By Telis Demos for WSJ
Startups aiming to disrupt banks have been a decent bet for venture capitalists. But what do some think might be an even better bet? Banks.
For the first time in over a decade, a group of Silicon Valley’s top venture firms are making a sizable bet on a deposit-taking U.S. bank. Battery Ventures LP, Andreessen Horowitz, and Ribbit Capital are investing $28 million in a fundraising round for CRB Group Inc., the holding company for eight-year-old Cross River Bank, according to the firms.
In many respects, Cross River looks like many other small lenders: It is a New Jersey-chartered community bank with one branch, in Teaneck. It makes commercial loans to businesses like specialty grocery stores in and around New York City, and offers personal savings and checking accounts.

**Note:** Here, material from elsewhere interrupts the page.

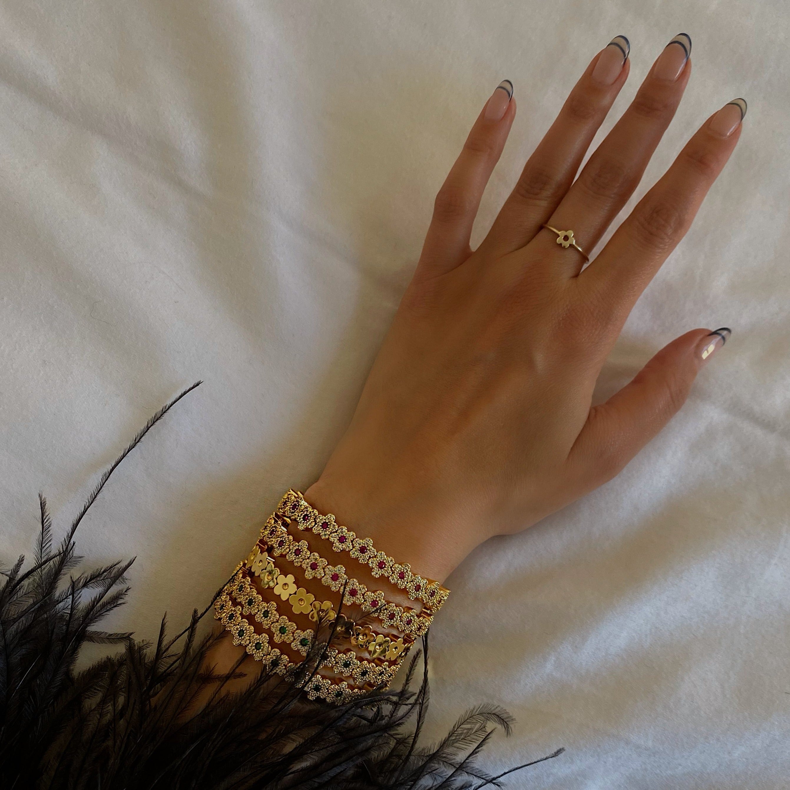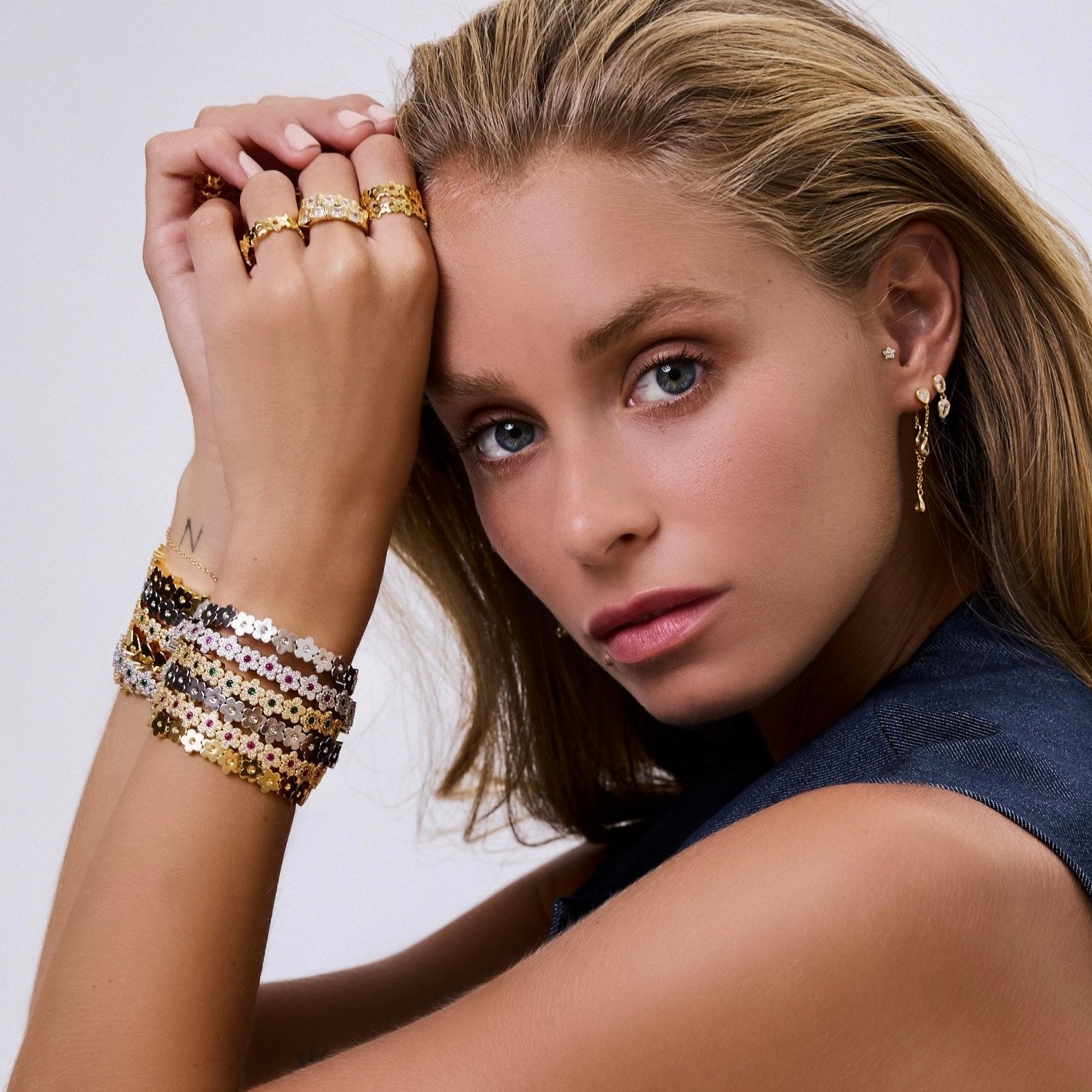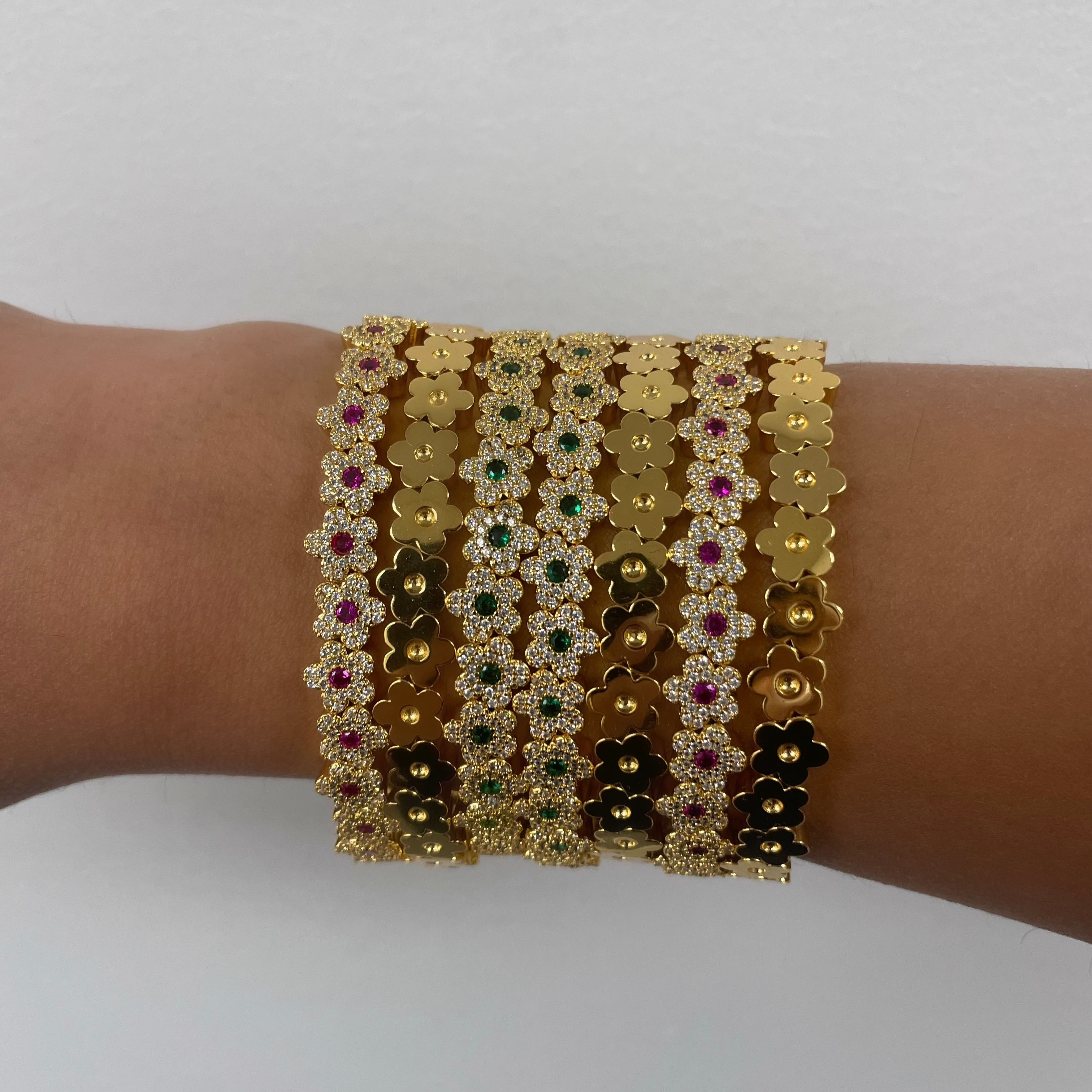 Just like a flower, you are beautiful and unique. Add some flowers to your wrist stack with our best-selling, brass 18k gold-plated bracelet. The perfect stretchy, stackable wristband bracelet elevates every look.

But the little-known bank, with $543 million in assets, has quietly risen to national prominence in tech circles. Since its founding in 2008, it has partnered with some of the highest-profile financial technology, or fintech, startups offering online loans and payments, such as Affirm Inc., Stripe Inc., and TransferWise Inc. It is also linked up with tech giants MasterCard Inc. and Google parent Alphabet Inc.
Cross River uses its position as a chartered and Federal Deposit Insurance Corp.-member bank to do things that are tougher for nonbank firms under U.S. rules. That includes originating loans in any state and moving funds over the banking system’s rails on behalf of its partners or customers.
Such arrangements have attracted scrutiny from the FDIC and the Federal Reserve, who have concerns that partnering with lightly regulated tech firms may introduce new risks into banks protected by U.S. taxpayers.
For now, however, these pairings are thriving due to a surge in interest by tech firms that want to participate in the large and growing ecosystem of mobile wallets, peer-to-peer money transfers and online shopping checkouts.
The Silicon Valley firms’ pivot to investing in a bank is a surprising twist in the evolution of fintech. Many investors believed that banks were ripe for disruption by tech-first upstarts, in the same way that taxi cabs and hotels were upended by Uber Technologies Inc. and Airbnb Inc.
But startups such as LendingClub Corp., which makes online loans, and Simple, which offers smartphone banking services, have ended up partnering with banks to varying degrees to grow their businesses.
Cross River’s new backers said they viewed it as the “pick-and-shovel” equivalent for fintech, an analogy for quietly providing services to people hoping to strike gold.
“It’s rare that people think, ‘We’ll build another Bank of America,’” said Scott Tobin, a general partner at Battery Ventures who will join the board of Cross River’s holding company with the new investment. “But my hope is that Cross River will be a giant bank.”
Bank ownership is highly regulated and even investing in one can prove difficult, which potentially limits competition. Cross River’s new investors had been in negotiations with the bank for over a year, and notified the Federal Reserve, which oversees the safety and soundness of the banking system.
The venture funds also had to limit their investments in Cross River, to avoid turning themselves into so-called bank holding companies. The threshold is typically 10% ownership for an individual fund. That would have subjected the venture firms and their portfolio companies to Fed oversight as well. Mr. Tobin’s role on the board will also have some limits, such as what committees he can serve on.
Cross River was started in 2008 by Gilles Gade, a former Bear Stearns and Barclays PLC banker and chief financial officer of a mortgage lender. He raised about $10 million from friends and family to start the bank, aiming to step in when other banks were pulling back following the financial crisis.
About three years ago, Cross River started partnering with online lenders. Cross River’s nine-month revenue more than doubled this year, to $55 million from $26 million last year, according to the bank’s public financial filings.
The bank’s newest business is facilitating digital payments. It has built new internal software to enable it to settle bank transfers on the same day, and to use MasterCard’s instant debit card transfer network, of which it is now the largest user.